(Entries taken from a collection)

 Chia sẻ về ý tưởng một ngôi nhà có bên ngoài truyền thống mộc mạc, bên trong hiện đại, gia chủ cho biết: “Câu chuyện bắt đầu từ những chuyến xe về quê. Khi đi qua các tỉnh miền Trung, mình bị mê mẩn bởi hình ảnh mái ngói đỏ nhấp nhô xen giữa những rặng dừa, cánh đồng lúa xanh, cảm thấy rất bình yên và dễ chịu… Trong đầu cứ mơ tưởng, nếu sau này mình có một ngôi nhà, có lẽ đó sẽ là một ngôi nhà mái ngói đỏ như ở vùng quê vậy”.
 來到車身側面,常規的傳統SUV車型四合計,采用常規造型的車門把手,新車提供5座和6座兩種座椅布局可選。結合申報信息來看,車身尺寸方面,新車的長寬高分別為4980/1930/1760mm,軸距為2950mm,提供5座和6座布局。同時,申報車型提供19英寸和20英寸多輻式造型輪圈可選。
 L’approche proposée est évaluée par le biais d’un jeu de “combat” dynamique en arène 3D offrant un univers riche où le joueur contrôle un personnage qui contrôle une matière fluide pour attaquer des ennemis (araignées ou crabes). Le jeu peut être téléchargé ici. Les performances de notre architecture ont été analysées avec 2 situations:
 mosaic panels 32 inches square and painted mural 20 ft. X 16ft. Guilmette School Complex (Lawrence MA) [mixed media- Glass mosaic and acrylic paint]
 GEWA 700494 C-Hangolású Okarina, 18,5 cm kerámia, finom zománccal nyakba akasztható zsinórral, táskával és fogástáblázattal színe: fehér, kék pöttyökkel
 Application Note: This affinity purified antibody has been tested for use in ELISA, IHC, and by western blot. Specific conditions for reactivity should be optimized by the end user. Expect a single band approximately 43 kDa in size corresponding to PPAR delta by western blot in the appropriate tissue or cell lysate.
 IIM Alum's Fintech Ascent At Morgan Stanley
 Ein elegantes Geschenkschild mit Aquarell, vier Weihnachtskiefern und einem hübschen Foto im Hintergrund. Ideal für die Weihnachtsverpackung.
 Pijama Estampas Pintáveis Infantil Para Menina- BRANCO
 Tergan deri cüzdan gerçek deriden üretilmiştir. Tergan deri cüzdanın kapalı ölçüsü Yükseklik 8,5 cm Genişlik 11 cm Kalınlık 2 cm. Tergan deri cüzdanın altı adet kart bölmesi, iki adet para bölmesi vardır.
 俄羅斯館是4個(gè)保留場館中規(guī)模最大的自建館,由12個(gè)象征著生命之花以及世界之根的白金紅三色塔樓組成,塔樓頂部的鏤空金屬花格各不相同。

[Activity]
All lines from the line containing "GEWA 700494 C-Hangolású" through the last line of the data are to be repeated exactly; no other line belongs in the answer.

[Exercise response]
 GEWA 700494 C-Hangolású Okarina, 18,5 cm kerámia, finom zománccal nyakba akasztható zsinórral, táskával és fogástáblázattal színe: fehér, kék pöttyökkel
 Application Note: This affinity purified antibody has been tested for use in ELISA, IHC, and by western blot. Specific conditions for reactivity should be optimized by the end user. Expect a single band approximately 43 kDa in size corresponding to PPAR delta by western blot in the appropriate tissue or cell lysate.
 IIM Alum's Fintech Ascent At Morgan Stanley
 Ein elegantes Geschenkschild mit Aquarell, vier Weihnachtskiefern und einem hübschen Foto im Hintergrund. Ideal für die Weihnachtsverpackung.
 Pijama Estampas Pintáveis Infantil Para Menina- BRANCO
 Tergan deri cüzdan gerçek deriden üretilmiştir. Tergan deri cüzdanın kapalı ölçüsü Yükseklik 8,5 cm Genişlik 11 cm Kalınlık 2 cm. Tergan deri cüzdanın altı adet kart bölmesi, iki adet para bölmesi vardır.
 俄羅斯館是4個(gè)保留場館中規(guī)模最大的自建館,由12個(gè)象征著生命之花以及世界之根的白金紅三色塔樓組成,塔樓頂部的鏤空金屬花格各不相同。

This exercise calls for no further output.